If all that sounds like too much hassle you have a couple decent ‘off the shelf’ options. The first is the Lenovo M.2 adapter that is made from stamped metal. Head on over to FleaBay and drop the cash needed for one. If you don’t like wasting money, or do not have a Traumatic Brain Injury (you will understand once you check the prices of the Leno’ adapter), go to either Fast AliExpress (AKA Amazon) or Slow AliExpress (aka AliExpress… or for some “Temu”). Type in “NGFF NVME M2 Adapter” and pick one that does 30 to 42/60/80. They typically come in two main types. The ‘cut away’ PCB material style shown above… and the 32 to 80 only ones made with Chinesium alloy (of questionable parentage). Either work fine. Fast AliExpress will have more of the PCB style, and AliExpress and/or Temu will have both in darn near any configuration and material you want.

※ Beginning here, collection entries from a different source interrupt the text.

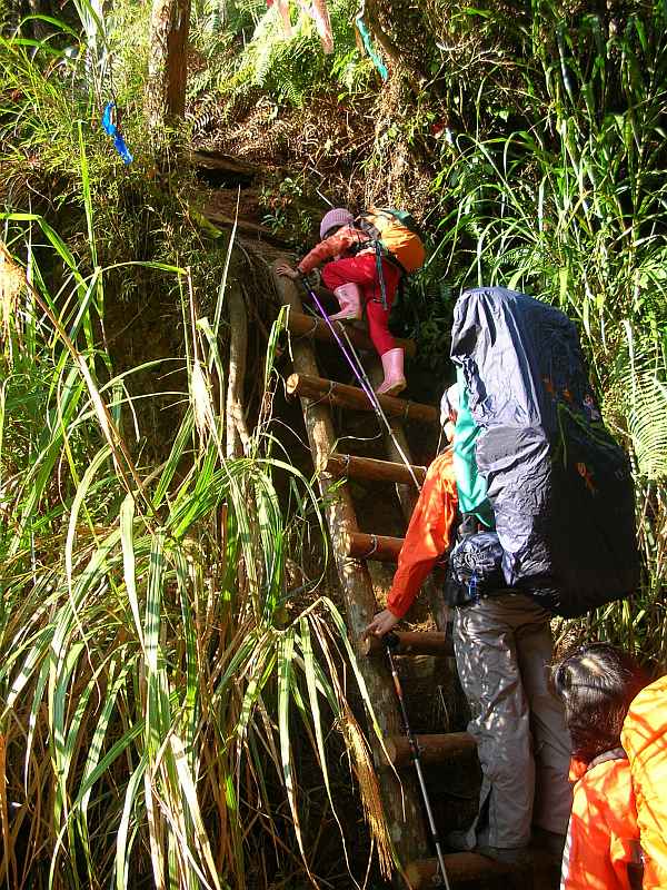 13:30看完直昇機後出發,路還是要走的,因為大約還有4小時的路程。沒多久就先是繩索,後繫鐵鍊陡下林道,右往亞杉坪林道,可到以前溪阿縱走之石猴站,我們取左往杉林溪。海拔約2050公尺。接著在兩旁盡是芒草的小徑前進,每隔一段路就有一個大崩落處,其中一個山壁落差很大,連大人都得拉繩跳躍而下,對於重裝而言其實不輕鬆,叔叔的登山杖還因此弄彎了。
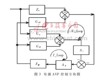 AVP有源控制為雙環控制,其基本原理如圖2所示。通過檢測電感電流,根據降壓要求相應調節輸出電壓的基準。輸出電壓跟隨基準電壓而實現AVP控制。圖3為AVP有源控制的方塊圖,假設電流環增益為Ti,電壓環增益為Tv,則:
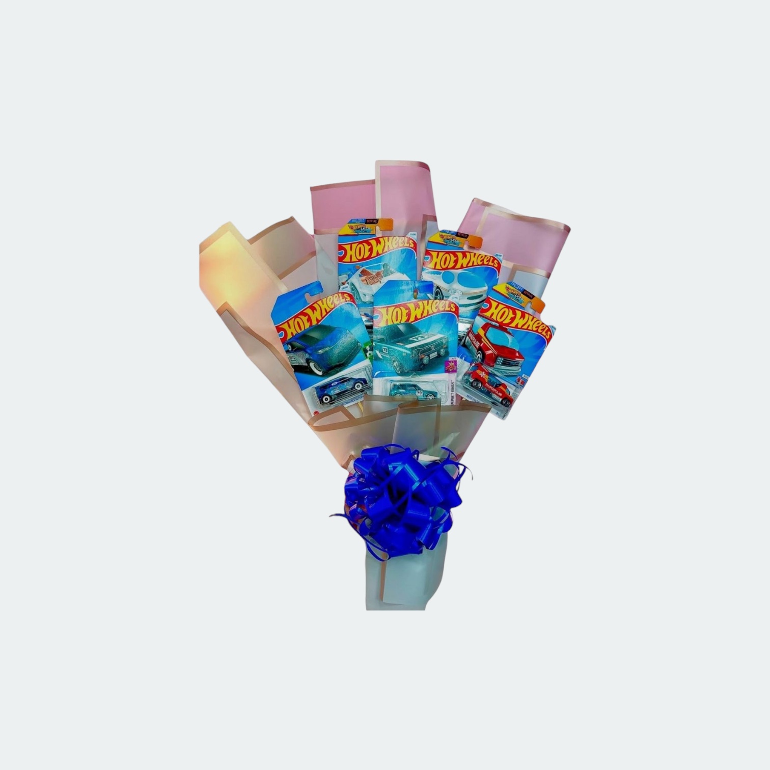Eleva tus ramos a otro nivel con personalizaciones como esta. En este caso para un amante de los motores, un ramo con una pequeña colección de sus modelos favoritos le encantará, Cuéntanos esos gustos especiales y regala un detalle hermoso, personal y emotivo. El precio de este tipo en concreto es de 30€ con IVA incluido.

Expect to spend anywhere from two Canuck bucks to ten freedom bucks (depending on where you get them) per adapter (plus shipping).
All in all this is one of the few of the new breed of M.2 2230 drives that are worth looking at for more than just satisfying the storage needs of ultra-small form-factor device. Now if Corsair had just changed the name or made it crystal clear that they had swapped the components used… we would be truly happy with the new MP600 Mini 2TB 2024 edition.